The force from the cue F remains horizontal during the hit and the contact between cue and ball is short-termed. The kinetic coefficient of friction between the table and the ball is mu_k
PROBLEM a) Determine the ball's angular velocity omega0 immediately after the hit.
-----
Since the below-c.m. hit will give the ball backspin (draw English), the ball won't have natural roll. Therefore, I can't use the simple equation v0 = omega0*r, since that relationship only exist in natural roll.
Instead, I have to use Newton's 2nd law, sum_F = m*a and the rotational equivalent sum_tau = I * alpha, where tau is torque (around the c.m.), I is moment of inertia of the ball and alpha is its angular acceleration.
(1) sum_F = m*a <=> sum_F = m*alpha*r
<=> F - mu_k*m*g = m*alpha*r
(2) sum_tau = I*alpha <=> r*F - 2/3*r*mu_k*m*g = (2/3)*m*r^2*alpha
The two expressions each have only one unknown variable, alpha.

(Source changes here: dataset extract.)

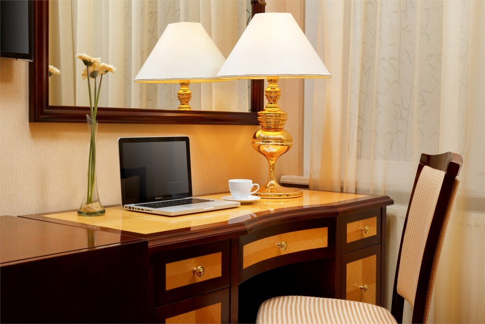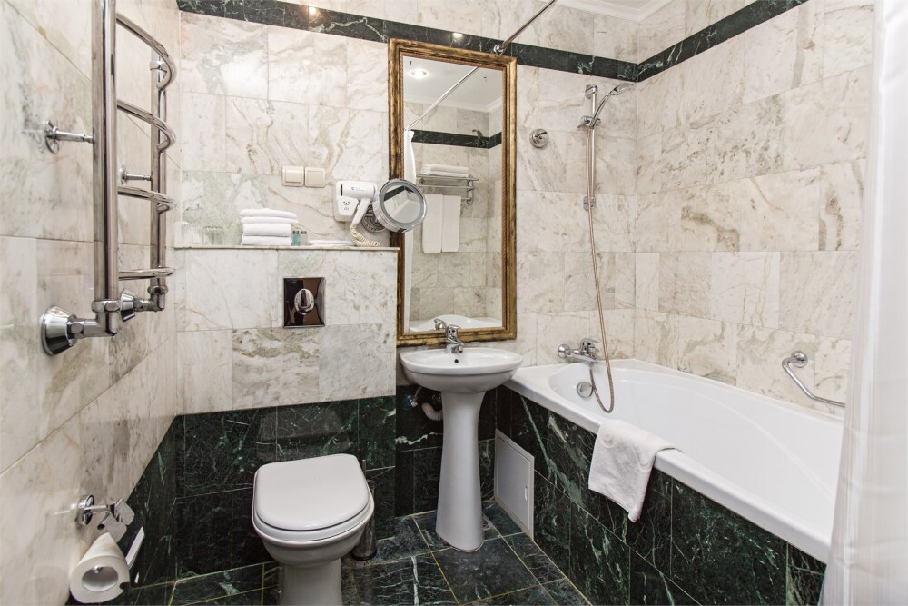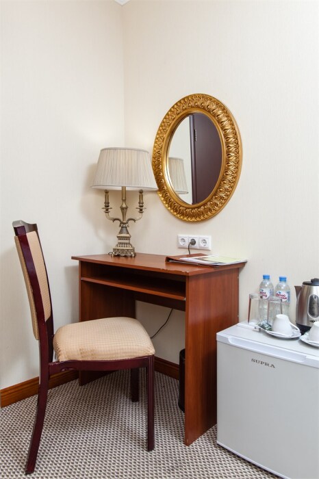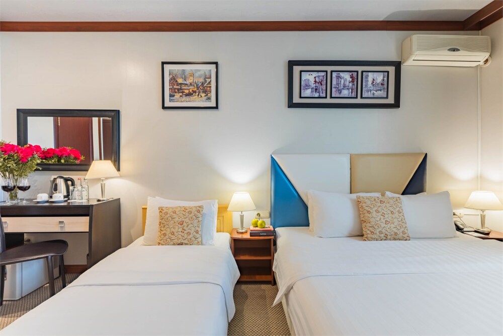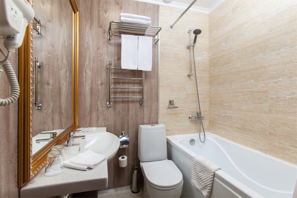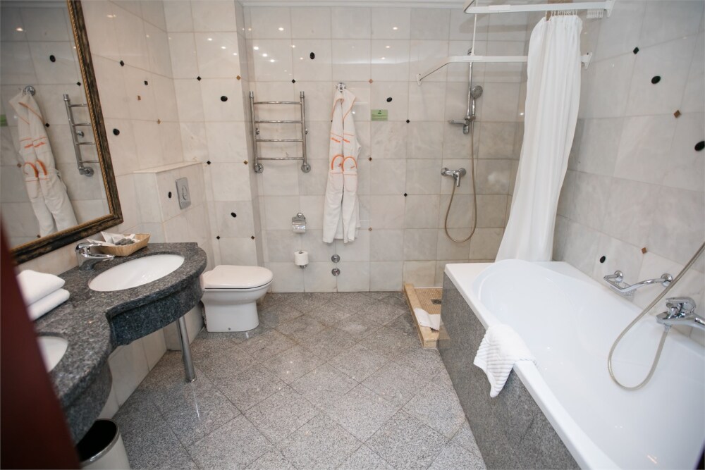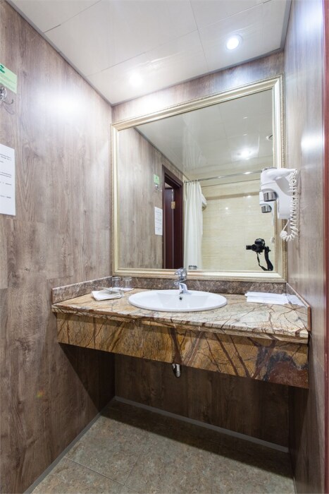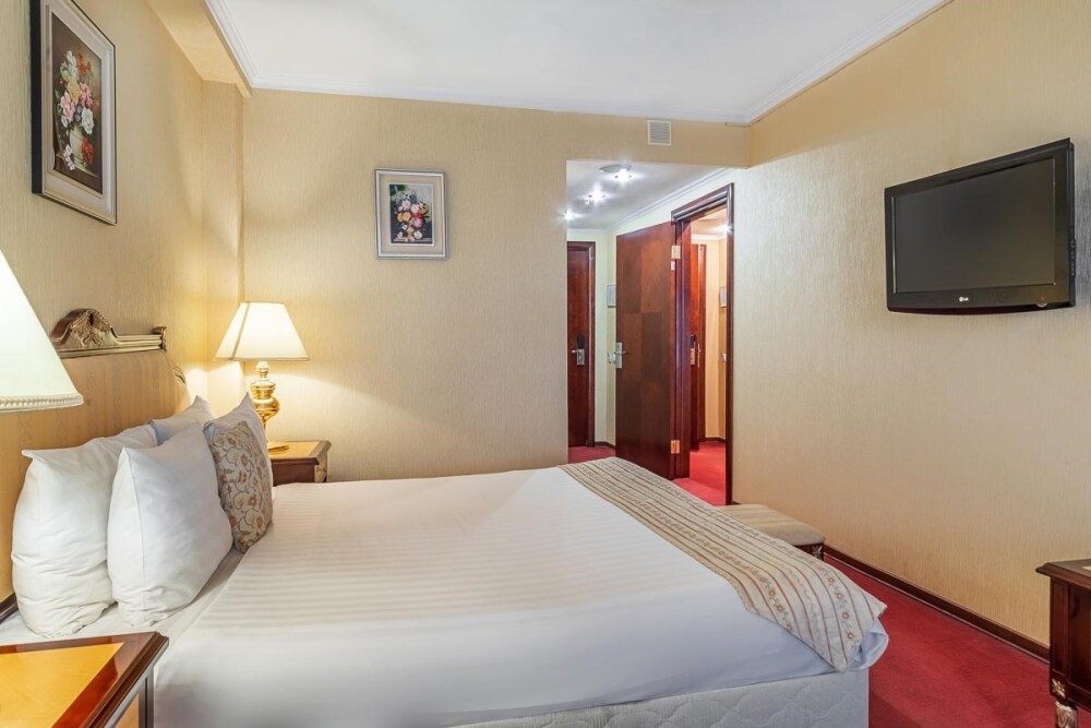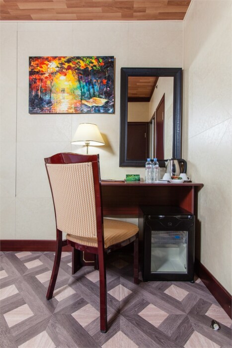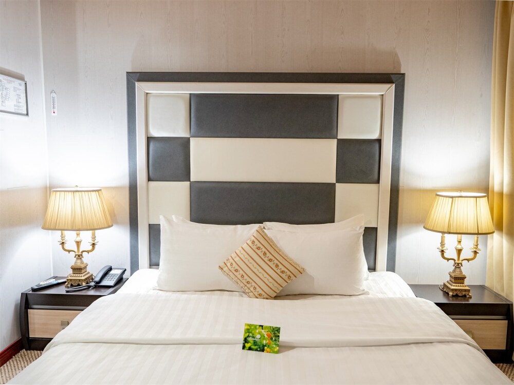 В номере: одна двуспальная (160 см*200 см, или 180 см*200 см) или две раздельные кровати ( 90 см*200 см, или 120 см*200 см).

In (1) alpha is the translational contribution to the angular acceleraton, and in (2) its the rotational contribution to the angular acceleration. Sum_alpha can now be determined. The hit has the duration dt, so omega0 = sum_alpha * dt. By substituting the expression for alpha into that equation I ought to have determined omega0. Right?

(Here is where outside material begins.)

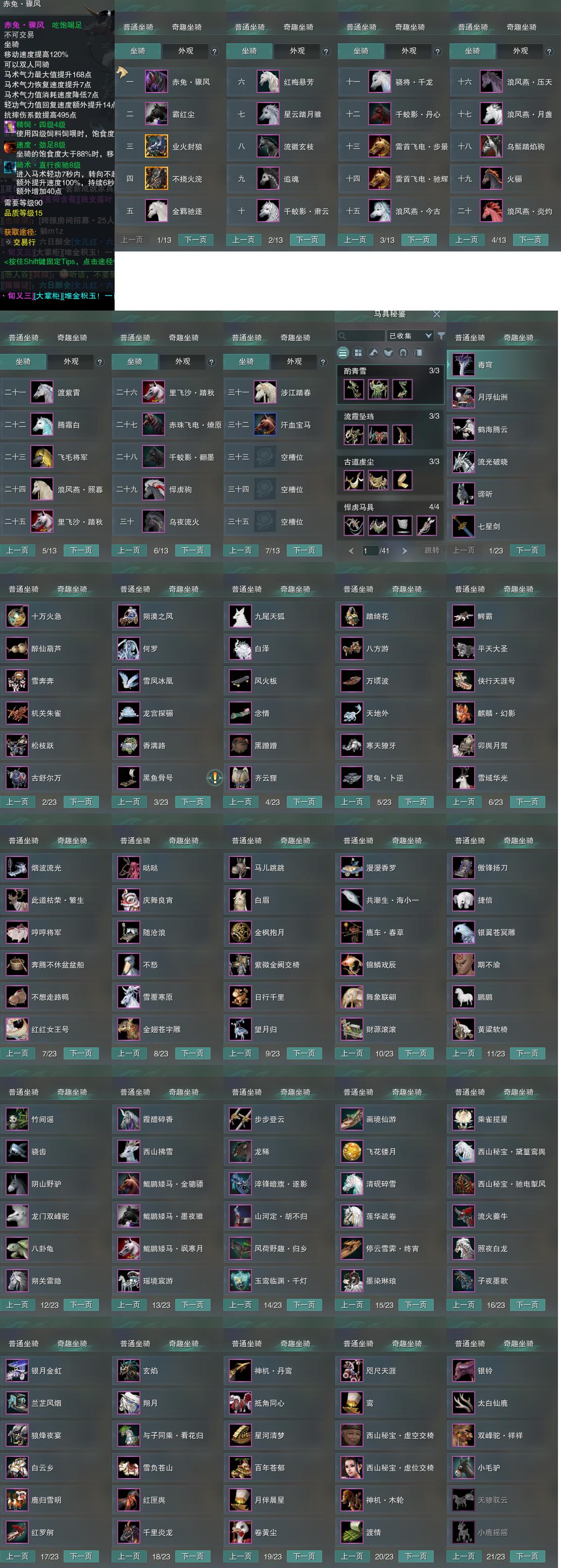 【坐骑】32个[赤珠燎原, 恶人火兽, 阵营狼, 星云踏月骓, 飞毛将军, 里飞沙踏秋, 里飞沙踏秋, 劲足赤兔骤风, 黑马, 红马, 金羁驰逐, 肃云, 翻墨, 千蛟影丹心, 浪风燕今古, 骁将千龙, 霸红尘, 雷首飞电步景, 雷首飞电驰辉, 乌鬃踏焰驹]

PROBLEM b) What's the velocity of the ball when it beings to do natural roll?
----
The roll is natural when v = omega * r. Since the v0 and r is known, I should then be able to determine expressions for v and omega from the kinematic equations for the two types of motion. I guess the rolling friction can be ignored, since the needed coefficient isn't given. Therefore, there is no horizontal force. Right?
PROBLEM c) Determine the work of the friction force during the ball's movement until it starts rolling on the table.
----
The ball starts at the angle 0 and reaches an angle theta. The torque is constant, since the kinetic friction is constant. Then the work done by the friction force must be W_f = tau*(theta-0) <=> W_f = tau*theta. Right?
:shy: